The name lodges in my chest like a stone.

I sign.

Not because I trust them. Not because it feels good. Because sometimes survival looks like agreeing to terms, you’ll spend years resenting.

The money hits the account two days later. The oven gets replaced.

The mixer gets fixed.

The doors stay open.

And every month after that, I send a check to Ashford Capital. Every month, I feel the invisible hand at my back. Not steering. Not controlling. Waiting.

The flashback snaps shut.

I’m back in my bakery.

Leo Ashford is standing in front of me, smiling like his last name doesn’t carry weight. Like it isn’t printed on checks I’ve written with clenched teeth. Like it didn’t save this place and haunt it at the same time.

My jaw tightens.

“The investor,” I repeat, more to myself than him.

He brightens so fast it’s almost physical, like someone turned on a light behind his face.

“Yes! That’s me.” He smiles, awkward, hopeful, a million-dollar reflex. “I wasn’t sure you’d…”

“You’re here to work,” I cut in. If I let him fill the air with whatever he’s about to say, I’m going to do something that gets me featured in a true crime podcast.

My voice comes out dangerously quiet. “Why?”

He has the decency to look embarrassed. I’ll give him that. He rubs the back of his neck, his crisp white sleeve crinkling with a sound that can only be described as new money. He looks like he’s never done a manual task in his life without someone documenting it for a magazine spread.

“It’s, uh…” He winces, searching for an entry point into this conversation like it’s a locked door and he’s trying random keys. “It’s a bit of a story. You might have seen it? A livestream? ‘Midnight Mavericks’? No? Ok.” He swallows. “Well. There was a wheel. And a dare.”

A dare.

My expression, which has been hovering around lukewarm contempt, drops into absolute, glacial zero.

This isn’t just ignorance.
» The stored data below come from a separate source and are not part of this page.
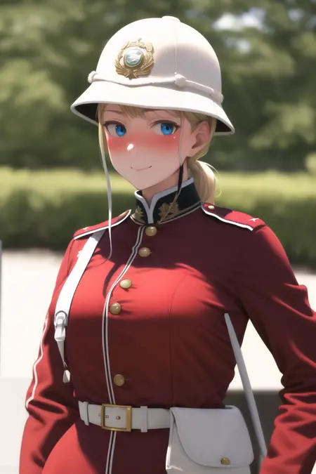 這是一個新訓練的LORA,我命名為redcoat,主要用了19~20世紀英軍士兵的制服進行訓練。我嘗試將所有裝備套件、帽子、衣服等主要特徵都做了單獨概念訓練,於是可以實現pith helmet或shako cap的換裝、維多利亞時代紅衫龍蝦兵或一戰卡其土色風格的換裝,蘇格蘭人團和普通步兵團的換裝等概念區分。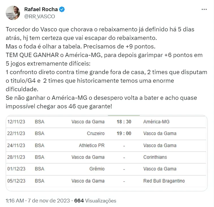 O próximo compromisso da equipe é diante do lanterna do Brasileiro e já rebaixado, América-MG. Mas, essa equipe vem conseguindo fazer Clubes que lutam na parte de cima da tabela perder pontos importantes, o que nesse momento para o Vasco, poderia comprometer o planejamento da equipe.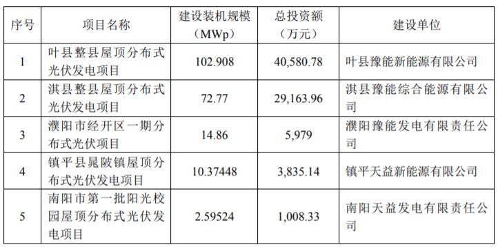 6月7日晚,豫能控股發(fā)布公告稱,公司子公司葉縣豫能新能源有限公司、淇縣豫能綜合能源有限公司、濮陽豫能發(fā)電有限責(zé)任公司、鎮(zhèn)平天益新能源有限公司、南陽天益發(fā)電有限公司擬對外投資建設(shè)葉縣整縣屋頂分布式光伏發(fā)電項(xiàng)目、淇縣整縣屋頂分布式光伏發(fā)電項(xiàng)目、濮陽市經(jīng)開區(qū)一期分布式光伏項(xiàng)目、鎮(zhèn)平縣晁陂鎮(zhèn)屋頂分布式光伏發(fā)電項(xiàng)目、南陽市第一批陽光校園屋頂分布式光伏發(fā)電項(xiàng)目5個(gè)屋頂分布式光伏項(xiàng)目,總建設(shè)裝機(jī)規(guī)模203.50772MWp,總投資額80,567.21萬元。 其中,葉縣整縣屋頂分布式光伏發(fā)電項(xiàng)目、鎮(zhèn)平縣晁陂鎮(zhèn)屋頂分布式光伏發(fā)電項(xiàng)目建設(shè)工期為12個(gè)月,淇縣整縣屋頂分布式光伏發(fā)電項(xiàng)目建設(shè)工期24個(gè)月,濮陽市經(jīng)開區(qū)一期分布式光伏發(fā)電項(xiàng)目建設(shè)工期10個(gè)月,南陽市第一批陽光校園屋頂分布式光伏發(fā)電項(xiàng)目建設(shè)工期3個(gè)月。 豫能控股表示,本次投資建設(shè)分布式光伏項(xiàng)目是實(shí)現(xiàn)碳達(dá)峰、碳中和目標(biāo),落實(shí)鄉(xiāng)村振興發(fā)展戰(zhàn)略,保障能源安全,加快公司向綜合能源服務(wù)商轉(zhuǎn)型發(fā)展的重要舉措,對促進(jìn)國家能源轉(zhuǎn)型、 保障河南省電力供應(yīng)、公司可持續(xù)發(fā)展具有積極作用。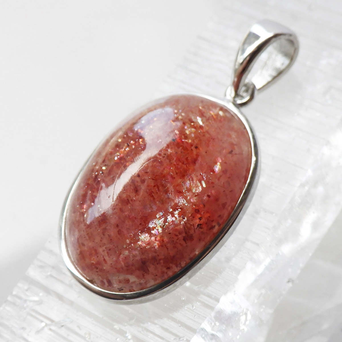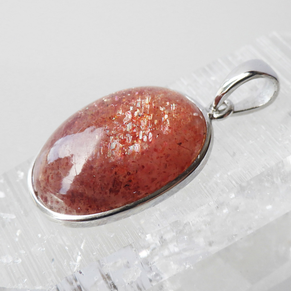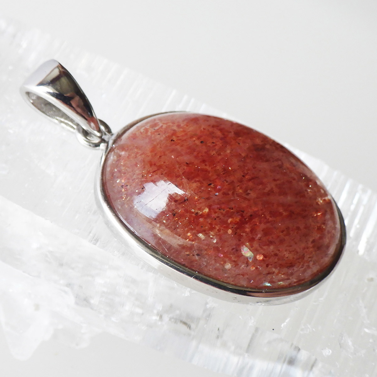 インド産のサンストーン、ペンダントトップです。 灼熱の太陽を彷彿とするオレンジ色のキラキラした石、 それがサンストーンです。太陽のように表面が輝き、キメの細かいマイカのキラキラとした光が魅力的に現れます。 サンストーンは長石に分類されることもあり、白濁した個体が多いのですが、高い透明感に恵まれた見事なペンダントトップです。かわいい楕円型でサイズも大きく存在感があります。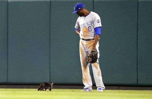 Kansas City Royals center fielder Lorenzo Cain watches as a cat runs past during the sixth inning of the team's baseball game against the St. Louis Cardinals on Wednesday, Aug. 9, 2017, in St. Louis. (AP Photo/Jeff Roberson) The Associated Press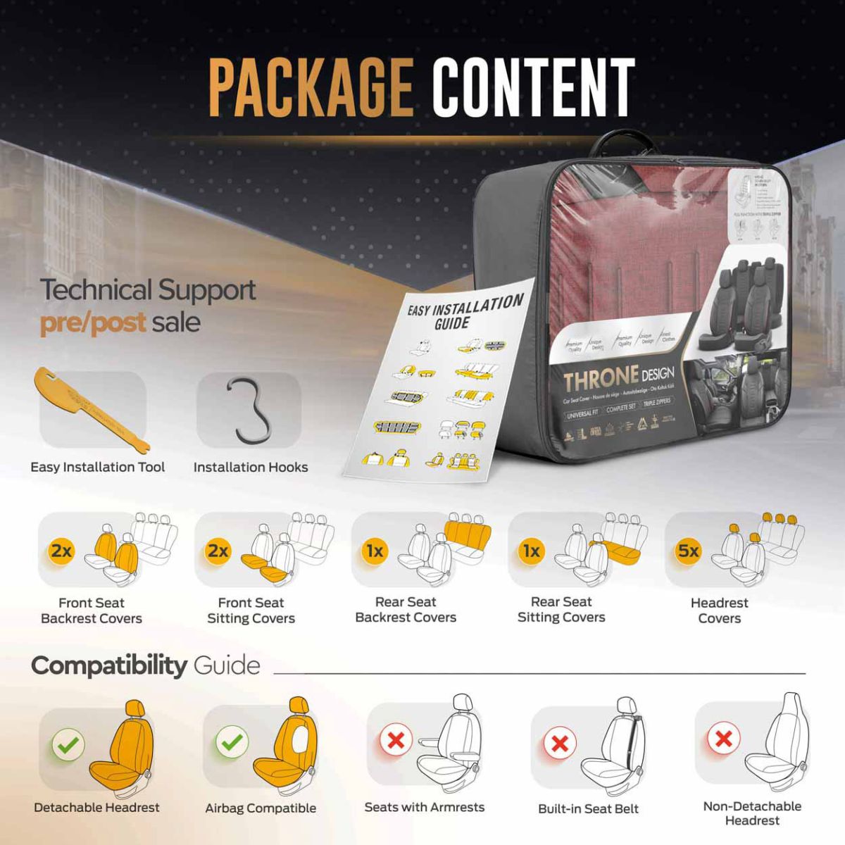 Pārvalkiem nav izgriezumu jostām vai aizmugurējiem galvas balstiem, jo tie ir paredzēti dažādiem automašīnu modeļiem. Pēc rūpīgas montāžas un montāžas jums pašiem jāizveido nepieciešamie caurumi.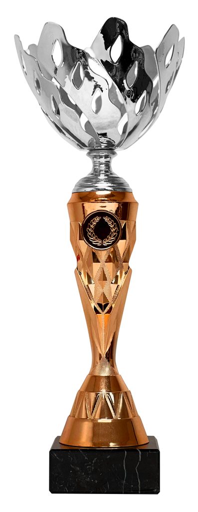 The Gold and Bronze Cup ECL2022/26 is an elegant trophy cup award. Made from a large laser cut metal bowl   mounted on a plastic column. The cup is then fixed to weighted marble base.  Select from 2 sizes.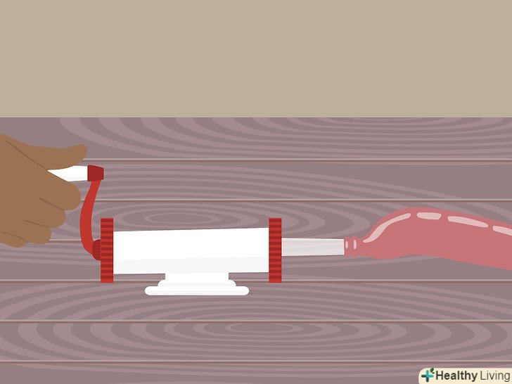 Купіть апарат для начинки сосисок.це ще один необхідний елемент, особливо якщо ви плануєте робити сосиски періодично або регулярно. Начинка фаршу в свинячі оболонки істотно покращує смак сосисок, оскільки в оболонці смак м'яса і маринаду чудово спішуються. Таке абсолютно неможливо без оболонок. Якщо ви впевнені в своїх уміннях і силах, ви можете начиняти оболонки вручну, але майте на увазі, що це дуже складно.- Деякі м'ясорубки йдуть разом з апаратом для начинки сосисок.

This isn’t even just rich-person cluelessness, the kind I’ve learned to expect from people who can’t tell the difference between flour and powdered sugar because both arrive at their homes in identical white bags carried by other people.

This is poverty tourism.

This is a game.

My life, my stress, my bakery, my spreadsheets, my 4 a.m. mornings and eighteen-hour days, is a stop on his bored, rich-boy amusement park ride.